Stop at the line containing "explotado por la": write out every line from the beginning of the entries up to and including it, minus the pictures.

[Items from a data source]
▬▬▬▬▬▬▬▬▬▬
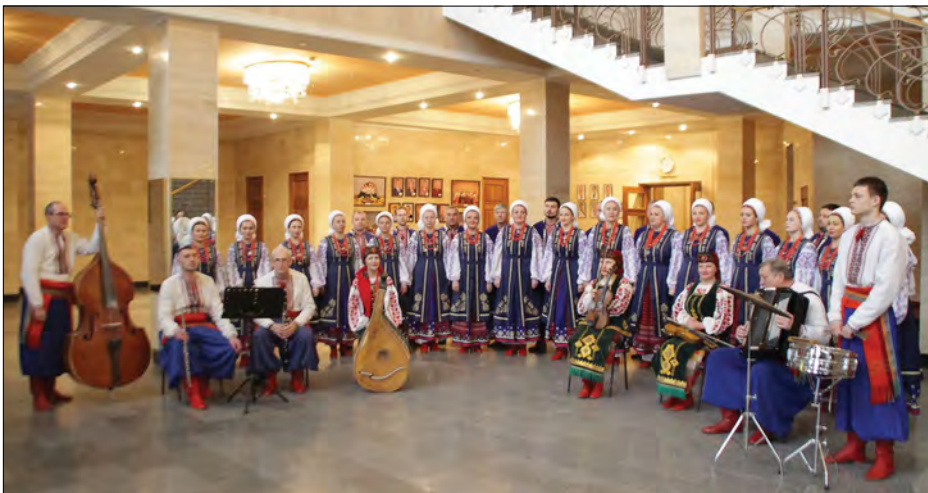
Виступає Черкаський народний хор.
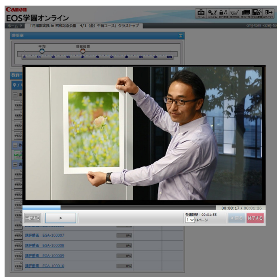
EOS 学園オンライン イメージ

「EOS 学園オンライン」は、東京、名古屋、大阪で好評の写真教室「EOS 学園」で蓄積してきた講座開催ノウハウを生かした新たなオンラインサービスです。通常の講座に参加することが難しいお客様でも、インターネットの環境さえあればいつでもどこにいても楽しく学ぶことができます。
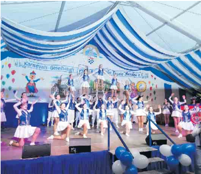
Blue Royal ließ die Stimmung im Zelt überkochen
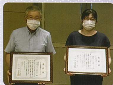
安全優良センター
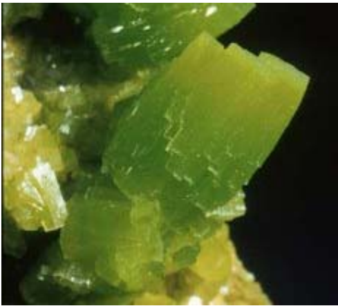
Piromorfita. Mina San Andrés, Espiel, Córdoba

explotado por la Spanish Mining Syndicate, con pésimos resultados.
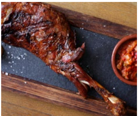
Espatlla de xai
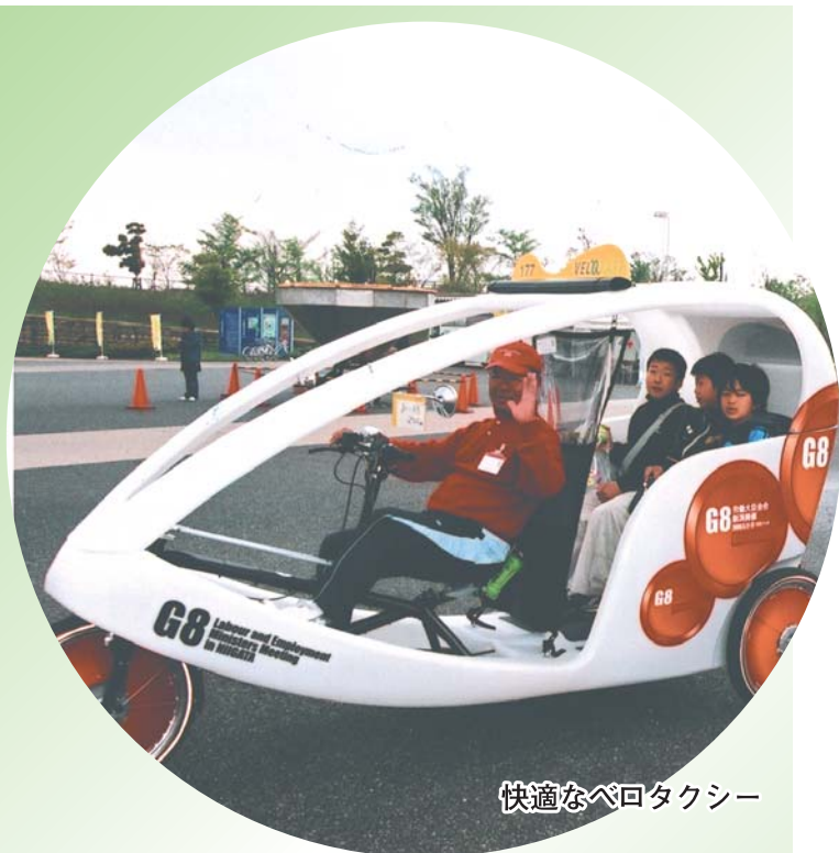
快適なベロタクシー
▬▬▬▬▬▬▬▬▬▬
Response to the exercise:
Виступає Черкаський народний хор.
EOS 学園オンライン イメージ

「EOS 学園オンライン」は、東京、名古屋、大阪で好評の写真教室「EOS 学園」で蓄積してきた講座開催ノウハウを生かした新たなオンラインサービスです。通常の講座に参加することが難しいお客様でも、インターネットの環境さえあればいつでもどこにいても楽しく学ぶことができます。
Blue Royal ließ die Stimmung im Zelt überkochen
安全優良センター
Piromorfita. Mina San Andrés, Espiel, Córdoba

explotado por la Spanish Mining Syndicate, con pésimos resultados.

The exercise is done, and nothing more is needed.